It would triple the minimum rent for these families, from $50 to $150 per month. According to an analysis by the nonpartisan Center on Budget and Policy Priorities, this would raise rents the most for the poorest families receiving rental assistance from HUD. There are approximately 1.7 million people in these families, and the vast majority of them have incomes of less than $7,000. Included in those families are almost 1 million children. Taking an additional $1,200 from them to cover the higher rent would make it even harder for them to afford basic necessities.
It would increase rents on the elderly and people with disabilities. The poorest and least able to afford housing in the private market would see their rents increased over time to 30 percent of their gross income with a minimum rent of $50 per month.
It would allow HUD, without further legislative approval, to adopt policies that would effectively act as time limits for families to live in federally assisted housing, eventually forcing them out to deal with a market that has no affordable options for them.
It would impose work requirements despite the fact that most recipients able to work already do so. These requirements would do nothing to create the job opportunities necessary to move families toward self-sufficiency.
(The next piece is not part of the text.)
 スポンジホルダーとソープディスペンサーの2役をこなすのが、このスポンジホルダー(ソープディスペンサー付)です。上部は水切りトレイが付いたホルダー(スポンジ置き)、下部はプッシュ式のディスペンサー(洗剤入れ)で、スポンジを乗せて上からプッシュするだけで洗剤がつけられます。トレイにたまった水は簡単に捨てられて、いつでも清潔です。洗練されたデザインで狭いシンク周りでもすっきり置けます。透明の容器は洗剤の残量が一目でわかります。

They would instead create additional housing instability, which undermines people’s ability to gain and hold good-paying jobs.
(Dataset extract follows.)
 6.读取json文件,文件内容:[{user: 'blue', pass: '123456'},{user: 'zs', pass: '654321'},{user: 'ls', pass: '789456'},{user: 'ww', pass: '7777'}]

The bulk of the rent increases under the plan would fall on working families, the elderly and people with disabilities. Overall, the plan would raise rents on about 180,000 Florida households by an average of $760 annually.
Why is Carson putting this proposal forward? He hinted at the real reason in an interview with the conservative Heritage Foundation: “We are being realistic as we look at it. We knew what the budget was — with the budgetary constraints that we had to work with — and so we had to make some changes in the rent structure in order to conform with that budget.”
So, this proposal, one that will punish the people in our communities struggling the most to afford a place to live, is nothing more than a cut disguised as “reform” to pay for last year’s tax bill, which overwhelmingly benefits the wealthy and large corporations.
Central Florida is taking steps to become a community in which everyone can find a decent, affordable place to call home. That wasn’t going to happen overnight given where we’re starting from, but should these proposed cuts become law, expect our problems to become much worse.